EWRE Seminar: Molly Likens and Chitresh Anand

EWRE flyer
EWRE flyer

Who: Molly Likens and Chitresh Anand
When: May 3rd at 11:00am
Where: A445 KH (Lincoln), 160 PKI (Omaha)

Molly Likens: Impacts of Stream Bed Adjustments on Local Stream
Morphology at Bridge Crossings
Abstract: Nebraska sand-bed rivers have long been a part of sediment transport studies and have been used in the development of numerous well-known empirical bedload equations. Some of these studies have shown how adjustments in streambed elevation led to changes in local stream morphology. The sand-bed rivers of Nebraska are highly susceptible to such changes due to their wide, shallow cross-sections and erodibility. The objective of our study is to synthesize a hydrodynamic model with high resolution field data and improved methods of representing sediment transport to better predict both short and long-term channel adjustments for an aggravated sand-bed river. The field component of our study targets reaches of the Niobrara River in northern Nebraska near two bridges, the Highway 11 bridge and the Highway 281 bridge. These reaches are of particular interest because they are situated upstream and downstream of a dam that failed in 2019, releasing large quantities of sand into the downstream reach. We used digital elevation model (DEM) data from United States Geological Survey (USGS) and HEC-RAS 2D to create base models of the two reaches. These models will be refined with recently collected Unmanned Aerial System (UAS) data that provides us with Digital Terrain Models (DTMs) and aerial photos (for roughness estimation) of the sites. The UAS data will be updated over the course of the project to reveal temporal changes in the topography of the reaches. All of the data are being incorporated in the HEC-RAS 2D model to assess model performance and to adjust the model to optimize short-term predictions.

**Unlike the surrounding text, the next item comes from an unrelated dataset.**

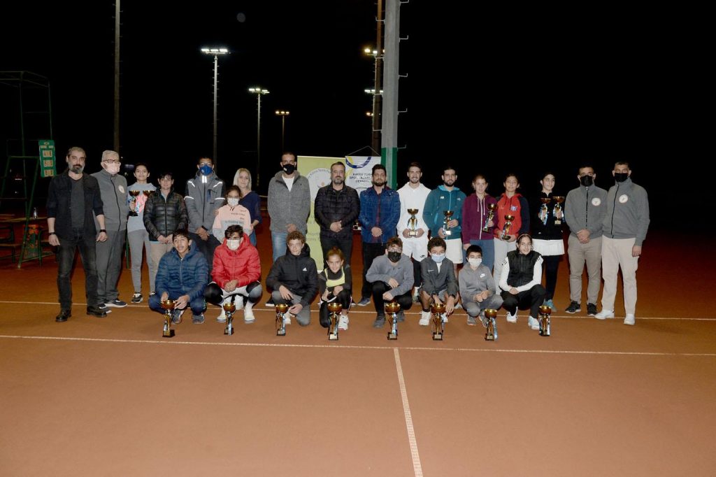 Kıbrıs Türk Spor Yazarları Derneği (KTSYD) ile Kuzey Kıbrıs Tenis Federasyonu (KKTF) işbirliğinde düzenlenen KTSYD 2021 Masterler Kupası tamamlandı…Kadın ve Erkeklerde 12,14,16 ve 13+ Büyükler kategorisinde düzenlenen organizasyonun final maçlarının ardından, dereceye giren sporculara kupaları, KTSYD Başkanı Burhan Gürkan, KKTF Başkanı Hasan Gazioğluyanı sıra KTSYD Yönetim Kurulu Üyeleri Beyzade Ünalmış ve Çilen Ulusoy ile fotoğraf muhabirlerinden Mustafa Evliya tarafından verildi.

Chitresh Anand: Spatio-temporal trends in Indian Rainfall
Abstract: The Indian rainfall pattern exhibits notable spatial heterogeneity and temporal variability, influenced by changing climate conditions and global warming. Despite extensive studies in the literature, there remains a lack of consensus regarding trend patterns in Indian rainfall. This study aims to analyze spatial and temporal trends in rainfall across the Indian landmass, focusing on the effects of data resolution on trend analysis. Utilizing daily rainfall data from the India Meteorological Department (IMD), both parametric and non-parametric tests are employed for trend detection, considering potential differences in methodologies. Results indicate that while varying data resolutions yield different outcomes, methodological differences also significantly impact trend results. Specifically, a cluster of grid points spanning central and eastern Indian landmass exhibits a notable decreasing trend, identified through field significance testing. Additionally, trends derived from rain gauge data are compared with those from gridded data, revealing the complexities introduced by missing values in rain gauge datasets. Ultimately, the study underscores the importance of
meticulously selecting datasets and trend analysis tools to accurately discern trends in rainfall data.